__DATA SUPPLIED__:

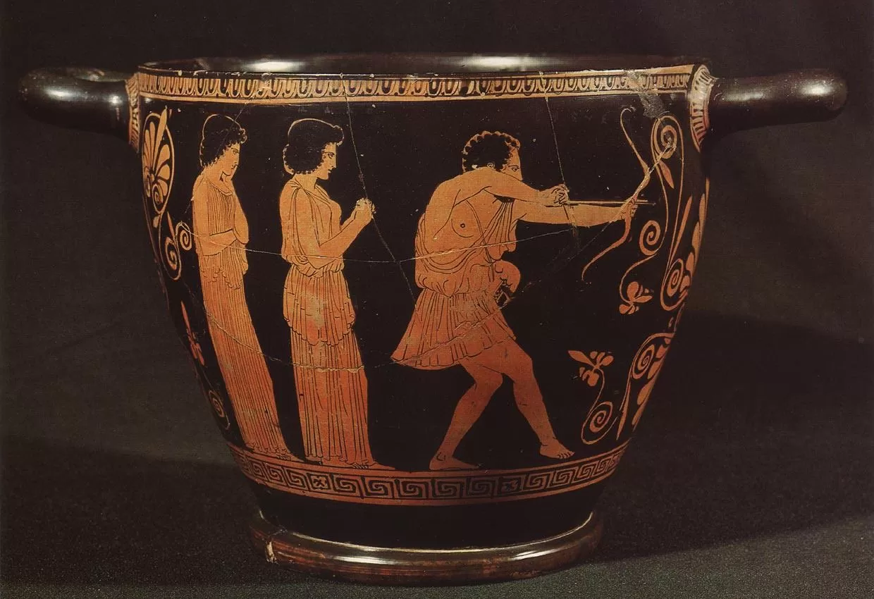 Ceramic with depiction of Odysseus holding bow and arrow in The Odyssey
---
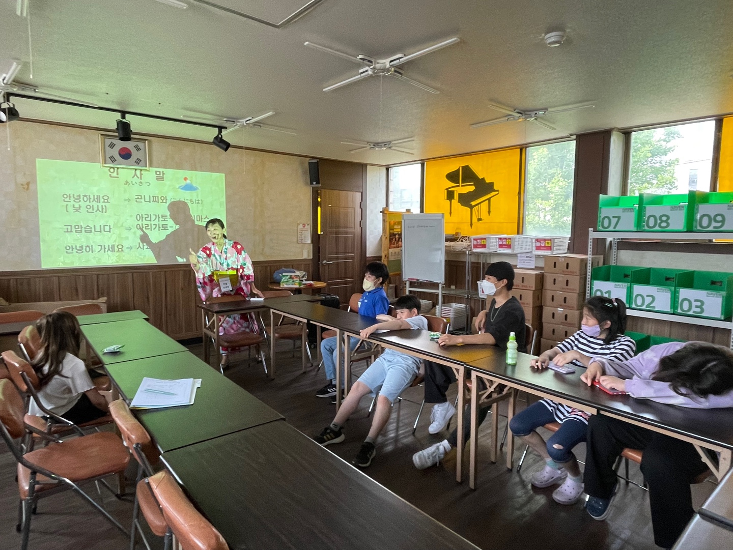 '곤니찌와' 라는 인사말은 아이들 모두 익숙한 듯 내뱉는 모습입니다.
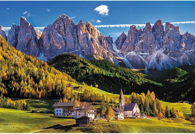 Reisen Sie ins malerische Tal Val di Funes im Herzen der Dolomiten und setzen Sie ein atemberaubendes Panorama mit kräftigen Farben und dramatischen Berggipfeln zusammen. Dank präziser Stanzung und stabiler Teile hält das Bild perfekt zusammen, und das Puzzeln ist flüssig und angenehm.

__WHAT YOU HAVE TO DO__: Give again the lines of the listing above that run from the one with "듯 내뱉는 모습입니다." up to and including the one with "Reisen Sie ins". Keep them exact and omit the pictures.

__REPLY__:
 '곤니찌와' 라는 인사말은 아이들 모두 익숙한 듯 내뱉는 모습입니다.
 Reisen Sie ins malerische Tal Val di Funes im Herzen der Dolomiten und setzen Sie ein atemberaubendes Panorama mit kräftigen Farben und dramatischen Berggipfeln zusammen. Dank präziser Stanzung und stabiler Teile hält das Bild perfekt zusammen, und das Puzzeln ist flüssig und angenehm.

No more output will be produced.